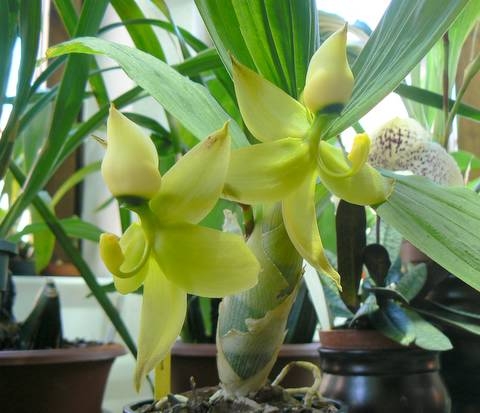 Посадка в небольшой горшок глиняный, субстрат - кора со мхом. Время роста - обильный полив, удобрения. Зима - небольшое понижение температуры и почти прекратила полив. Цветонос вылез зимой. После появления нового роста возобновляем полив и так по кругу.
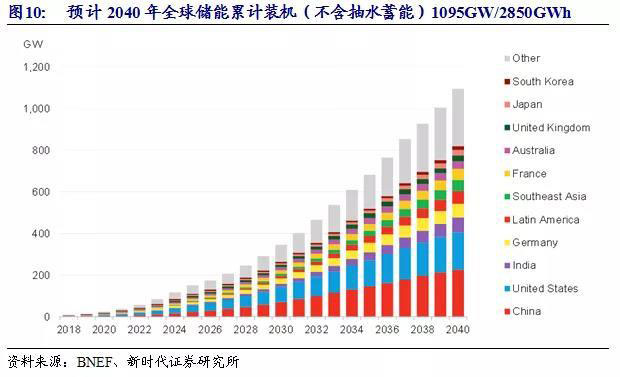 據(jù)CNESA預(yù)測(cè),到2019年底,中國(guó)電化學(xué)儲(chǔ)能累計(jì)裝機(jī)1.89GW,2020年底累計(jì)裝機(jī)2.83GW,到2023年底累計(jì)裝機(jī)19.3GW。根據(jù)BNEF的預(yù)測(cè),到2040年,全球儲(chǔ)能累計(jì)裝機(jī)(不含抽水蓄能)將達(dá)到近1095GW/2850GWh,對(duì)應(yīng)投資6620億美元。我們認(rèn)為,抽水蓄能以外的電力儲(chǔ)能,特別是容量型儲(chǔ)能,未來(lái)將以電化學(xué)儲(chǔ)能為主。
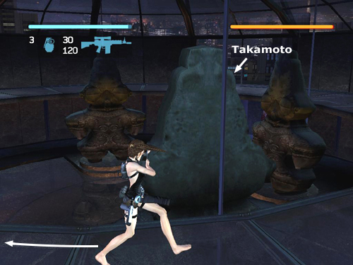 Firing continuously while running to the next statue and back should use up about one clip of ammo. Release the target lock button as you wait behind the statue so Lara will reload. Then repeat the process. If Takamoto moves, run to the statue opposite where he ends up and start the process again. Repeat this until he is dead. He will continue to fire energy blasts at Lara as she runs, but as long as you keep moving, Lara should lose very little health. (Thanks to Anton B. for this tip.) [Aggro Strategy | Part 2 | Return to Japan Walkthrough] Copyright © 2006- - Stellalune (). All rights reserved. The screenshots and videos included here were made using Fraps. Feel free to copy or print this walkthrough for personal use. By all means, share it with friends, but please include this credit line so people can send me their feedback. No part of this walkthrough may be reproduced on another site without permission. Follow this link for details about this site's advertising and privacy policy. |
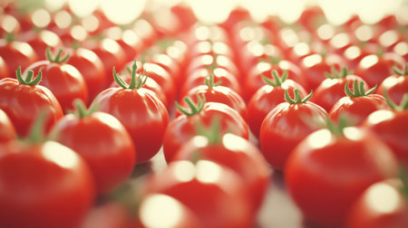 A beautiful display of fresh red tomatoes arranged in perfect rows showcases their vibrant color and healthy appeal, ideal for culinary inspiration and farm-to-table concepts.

EXERCISE REQUIREMENTS
Every line from the start of the material through the line holding "Firing continuously while" must be returned exactly, and the pictures must not.

WRITTEN RESPONSE
 Посадка в небольшой горшок глиняный, субстрат - кора со мхом. Время роста - обильный полив, удобрения. Зима - небольшое понижение температуры и почти прекратила полив. Цветонос вылез зимой. После появления нового роста возобновляем полив и так по кругу.
 據(jù)CNESA預(yù)測(cè),到2019年底,中國(guó)電化學(xué)儲(chǔ)能累計(jì)裝機(jī)1.89GW,2020年底累計(jì)裝機(jī)2.83GW,到2023年底累計(jì)裝機(jī)19.3GW。根據(jù)BNEF的預(yù)測(cè),到2040年,全球儲(chǔ)能累計(jì)裝機(jī)(不含抽水蓄能)將達(dá)到近1095GW/2850GWh,對(duì)應(yīng)投資6620億美元。我們認(rèn)為,抽水蓄能以外的電力儲(chǔ)能,特別是容量型儲(chǔ)能,未來(lái)將以電化學(xué)儲(chǔ)能為主。
 Firing continuously while running to the next statue and back should use up about one clip of ammo. Release the target lock button as you wait behind the statue so Lara will reload. Then repeat the process. If Takamoto moves, run to the statue opposite where he ends up and start the process again. Repeat this until he is dead. He will continue to fire energy blasts at Lara as she runs, but as long as you keep moving, Lara should lose very little health. (Thanks to Anton B. for this tip.) [Aggro Strategy | Part 2 | Return to Japan Walkthrough] Copyright © 2006- - Stellalune (). All rights reserved. The screenshots and videos included here were made using Fraps. Feel free to copy or print this walkthrough for personal use. By all means, share it with friends, but please include this credit line so people can send me their feedback. No part of this walkthrough may be reproduced on another site without permission. Follow this link for details about this site's advertising and privacy policy. |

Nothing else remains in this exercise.